Developer-first humanoid platform
A central feature of the Booster T1 platform is its developer-first design philosophy. Booster Robotics emphasizes open tools, API access, and a framework intended for secondary development. Generation Robots likewise describes the platform as an open-source humanoid robot oriented toward research and education, with low-level joint and sensor APIs as well as advanced motion-control interfaces.
This matters because many humanoid robots are closed systems built mainly for demonstration. The Booster T1, by contrast, is openly presented as something users are expected to program, simulate, test, and adapt. That makes it especially relevant to robotics labs, AI researchers, university teams, and developers building custom workflows for locomotion, perception, and manipulation. This interpretation follows directly from the product’s official “Made for Developers” positioning and distributor descriptions of open APIs and ROS 2 support.
Compact, lightweight humanoid body
Booster Robotics’ official materials and multiple distributor listings describe the T1 as a lightweight humanoid, with public specifications placing it at approximately 118 cm in height and 30 kg in weight. This is a notable design choice because it makes the robot easier to ship, set up, reset after falls, and use in constrained indoor environments than much larger humanoids.

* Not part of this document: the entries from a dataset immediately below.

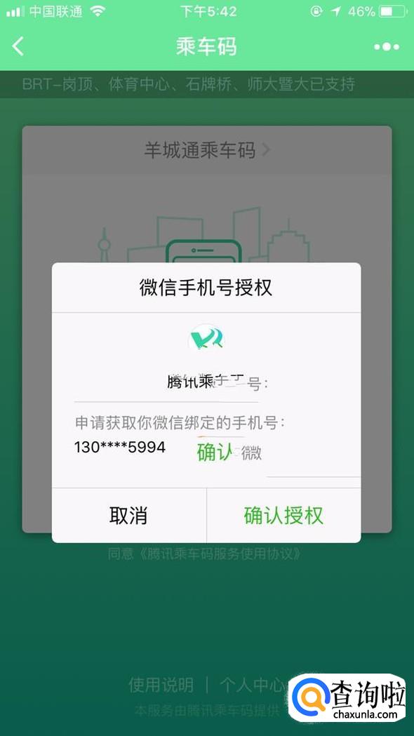 对“腾讯乘车码”进行授权,绑定手机号码并验证;
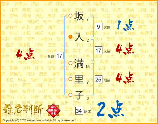 坂入満里子さんの総運は34画の2点!
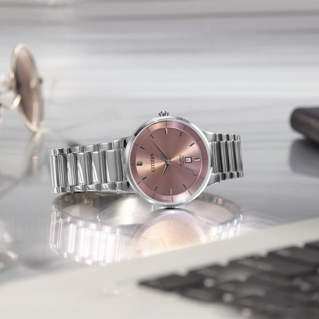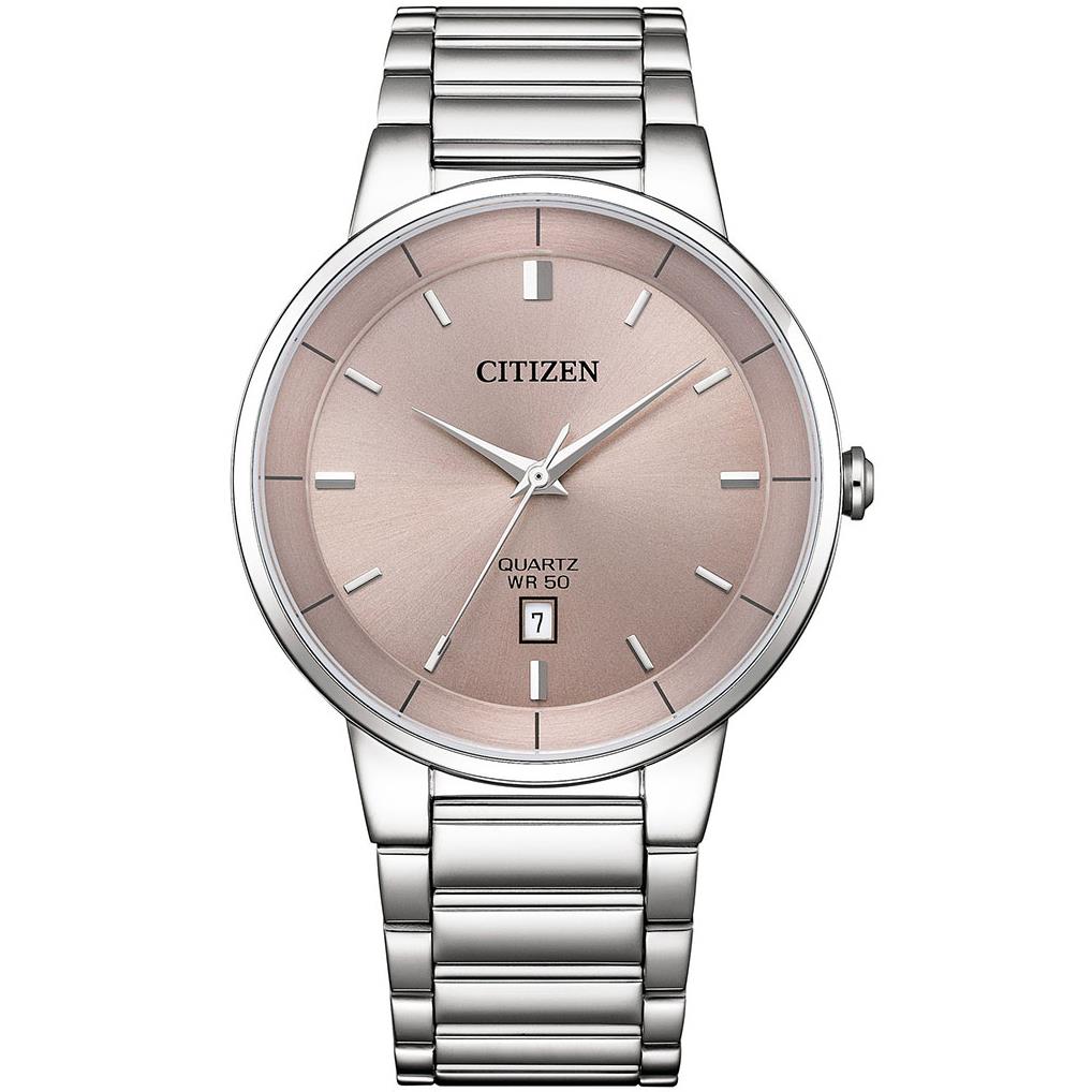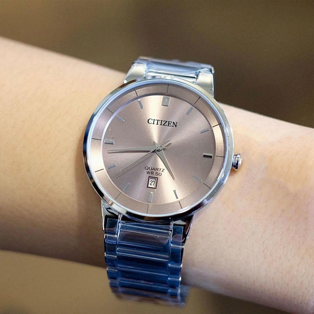 ساعت مچی مردانه سیتیزن citizen با طراحی روزانه بند استیل و قاب استیل و صفحه گرد رزگلد با قابلیت داشتن تقویم  و موتور ژاپنی با انرژی باتری و مقاومت در برابر آب تا عمق 50 متر به همراه گارانتی بین المللی

The compact form factor also supports a wider range of development scenarios. Smaller humanoids are often easier to power, safer to test, and less demanding in terms of lab infrastructure. Booster’s emphasis on flexibility and durability reinforces the idea that the T1 is built not just to look humanoid, but to be practical for iterative development and competition use.
Dexterous hand configuration
The defining characteristic of this version is its dexterous hands. Public listings describe the with-Dexterous-Hands model as a 41-DoF configuration, which makes it substantially more capable in hand-based interaction than the 31-DoF gripper version or the 23-DoF basic model. This higher DoF count strongly suggests that much of the added capability lies in the hand system and upper-body manipulation architecture.
Although the retrieved official Booster page does not publish a detailed finger-by-finger hand breakdown in the search snippet, retailers consistently frame this version as the most advanced manipulation-oriented T1 model. That makes it especially relevant for users studying grasping, dexterous object handling, embodied AI, teleoperation, and fine motor control. This is an inference supported by the published DoF counts and product naming.
Competition-tested durability
Booster Robotics also highlights the T1’s durability and competitive credibility. Its official page describes the T1 as the RoboCup 2025 champion robot and says it is used by 50+ top global robotics teams and research institutes. Those claims position the platform as something proven in demanding dynamic environments rather than merely a showroom concept.
Technology and Specifications
Degrees of freedom and mechanical structure
The clearest public technical distinction of the dexterous-hands version is its 41 DoF configuration. Generation Robots, RBTX, and retail listings all agree on the T1 family structure: 23 DoF for the base model, 31 DoF for the gripper version, and 41 DoF for the dexterous-hands version. This makes the dexterous-hands model the most mechanically capable T1 configuration currently publicized in mainstream distribution channels.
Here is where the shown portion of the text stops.